___ Records for this task

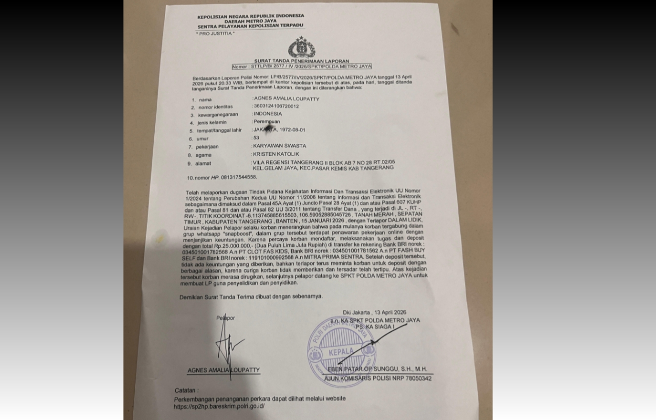 MATA TINTA RAKYAT.COM. TANGERANG – Dunia investasi digital kembali diguncang skandal. Aplikasi Snapboost, yang menjanjikan keuntungan instan melalui tugas sederhana di media sosial, diduga kuat melakukan praktik investasi bodong. Hingga saat ini, jumlah korban diperkirakan telah melampaui 700 orang dengan total kerugian material ditaksir mencapai lebih dari Rp2 miliar.
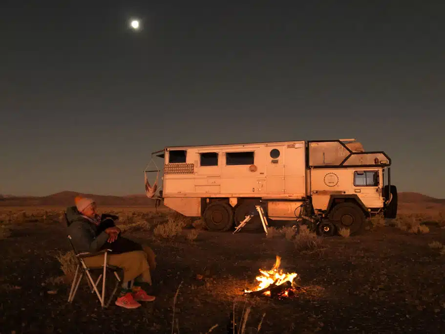 Seit 2020 leben Thorsten und seine Ehefrau Gesa mit ihrer marokkanischen Hündin Zaza in dem selbst ausgebauten 19-Tonnen-LKW. Von der Sahara über den Atlantik zum Pazifik und weiter, von Wüstenpisten über steile Bergpisten bis zu Küstenwegen – sie reisen gern fernab befestigter Straßen, immer mit Neugier, Entdeckergeist und dem festen Willen, das Leben draußen zu leben.
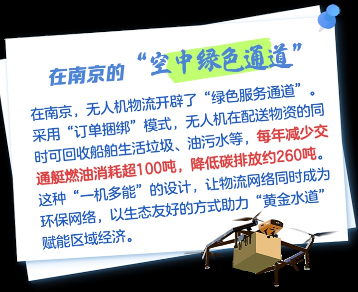 在南京鼓樓區下關濱江江畔的江翼達飛行基地,長江“外賣小哥”方隊整齊列陣,隨著指令下達,5架無人機搭載著新鮮的果蔬、包裝好的快餐等物品,精準飛向長江中航行的船舶。
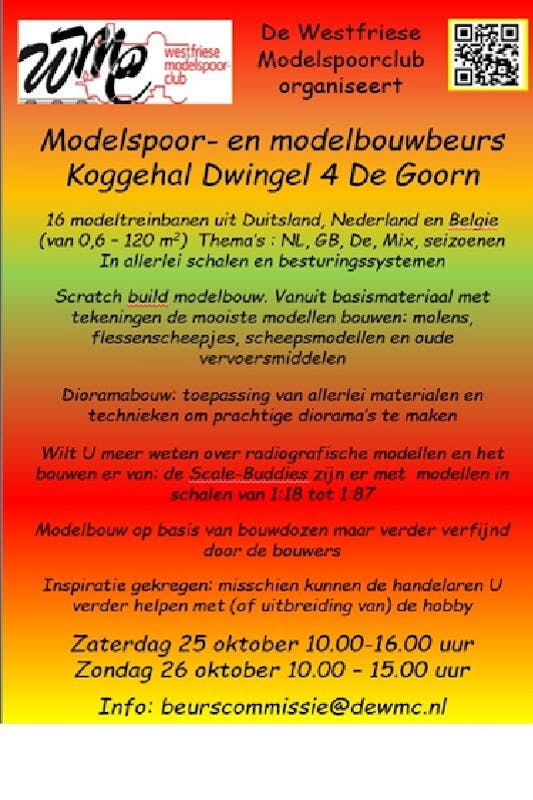 De Westfriese ModelspoorClub organiseert Modelspoor- en Modelbouwbeurs.
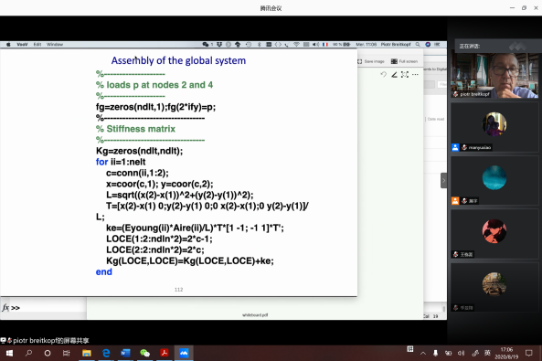 2020年8月17日至8月28日,蜜桃直播 邀请法国贡比涅技术大学Piotr Breitkopf教授为我校师生在线讲授《动力学拓扑优化/Topology Optimization with dynamic》课程,该课程参与学习人数40人左右,24学时。
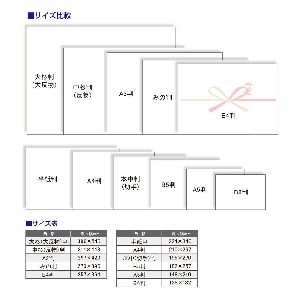 サイズはJIS規格A3判(297×420mm)で1冊100枚入、紙質はプリンター印刷に適した厚口の上質紙を使用しており、ネットショップや和洋菓子店、ギフト店での仏事用ギフトの包装にお使いいただけます。
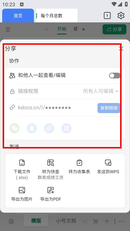 4、在彈出的分享設置界面中,開啟和他人一起查看/編輯開關(guān),并設置鏈接權(quán)限,然后點擊復制鏈接,將鏈接發(fā)送給需要分享的對象即可。
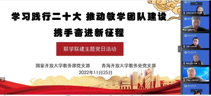 为深入学习贯彻党的二十大精神,学习《中国共产党章程》和习近平总书记“五个牢牢把握”重要要求,深刻领悟团结就是力量的深刻内涵,加强体系联动作用,推动教学团队建设,携手奋进新征程,11月25日下午,国家开放大学教务部党支部和青海开放大学教务处党支部、海西州广播电视大学以视频形式开展了以“学习践行二十大 推动教学团队建设 携手奋进新征程”为主题的联学联建主题党日活动。国家开放大学党委委员、副校长李松,青海开放大学党委委员、副校长刘青以普通党员身份参加了活动,活动由国家开放大学教务部党支部书记古小华主持。两个党支部全体党员和海西州广播电视大学2名党员教师参加活动,青海开放大学教务处特邀2名群众代表参加此次主题党日活动。
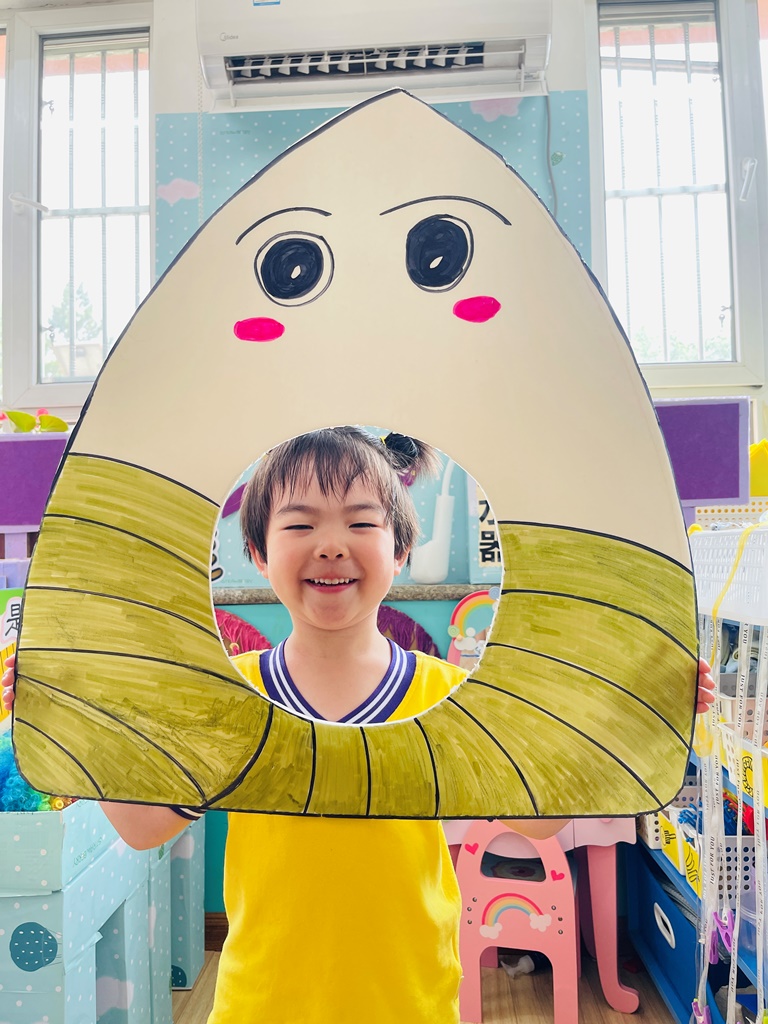 涂涂画画之后小朋友一起与可爱的粽子合影。香香的粽子不仅好吃,也让宝贝们将“端午节”的传统文化记在心里。

______

Instructions to follow:
Set down the records again exactly as they appear, leaving each picture behind.

Task output:
 MATA TINTA RAKYAT.COM. TANGERANG – Dunia investasi digital kembali diguncang skandal. Aplikasi Snapboost, yang menjanjikan keuntungan instan melalui tugas sederhana di media sosial, diduga kuat melakukan praktik investasi bodong. Hingga saat ini, jumlah korban diperkirakan telah melampaui 700 orang dengan total kerugian material ditaksir mencapai lebih dari Rp2 miliar.
 Seit 2020 leben Thorsten und seine Ehefrau Gesa mit ihrer marokkanischen Hündin Zaza in dem selbst ausgebauten 19-Tonnen-LKW. Von der Sahara über den Atlantik zum Pazifik und weiter, von Wüstenpisten über steile Bergpisten bis zu Küstenwegen – sie reisen gern fernab befestigter Straßen, immer mit Neugier, Entdeckergeist und dem festen Willen, das Leben draußen zu leben.
 在南京鼓樓區下關濱江江畔的江翼達飛行基地,長江“外賣小哥”方隊整齊列陣,隨著指令下達,5架無人機搭載著新鮮的果蔬、包裝好的快餐等物品,精準飛向長江中航行的船舶。
 De Westfriese ModelspoorClub organiseert Modelspoor- en Modelbouwbeurs.
 2020年8月17日至8月28日,蜜桃直播 邀请法国贡比涅技术大学Piotr Breitkopf教授为我校师生在线讲授《动力学拓扑优化/Topology Optimization with dynamic》课程,该课程参与学习人数40人左右,24学时。
 サイズはJIS規格A3判(297×420mm)で1冊100枚入、紙質はプリンター印刷に適した厚口の上質紙を使用しており、ネットショップや和洋菓子店、ギフト店での仏事用ギフトの包装にお使いいただけます。
 4、在彈出的分享設置界面中,開啟和他人一起查看/編輯開關(guān),并設置鏈接權(quán)限,然后點擊復制鏈接,將鏈接發(fā)送給需要分享的對象即可。
 为深入学习贯彻党的二十大精神,学习《中国共产党章程》和习近平总书记“五个牢牢把握”重要要求,深刻领悟团结就是力量的深刻内涵,加强体系联动作用,推动教学团队建设,携手奋进新征程,11月25日下午,国家开放大学教务部党支部和青海开放大学教务处党支部、海西州广播电视大学以视频形式开展了以“学习践行二十大 推动教学团队建设 携手奋进新征程”为主题的联学联建主题党日活动。国家开放大学党委委员、副校长李松,青海开放大学党委委员、副校长刘青以普通党员身份参加了活动,活动由国家开放大学教务部党支部书记古小华主持。两个党支部全体党员和海西州广播电视大学2名党员教师参加活动,青海开放大学教务处特邀2名群众代表参加此次主题党日活动。
 涂涂画画之后小朋友一起与可爱的粽子合影。香香的粽子不仅好吃,也让宝贝们将“端午节”的传统文化记在心里。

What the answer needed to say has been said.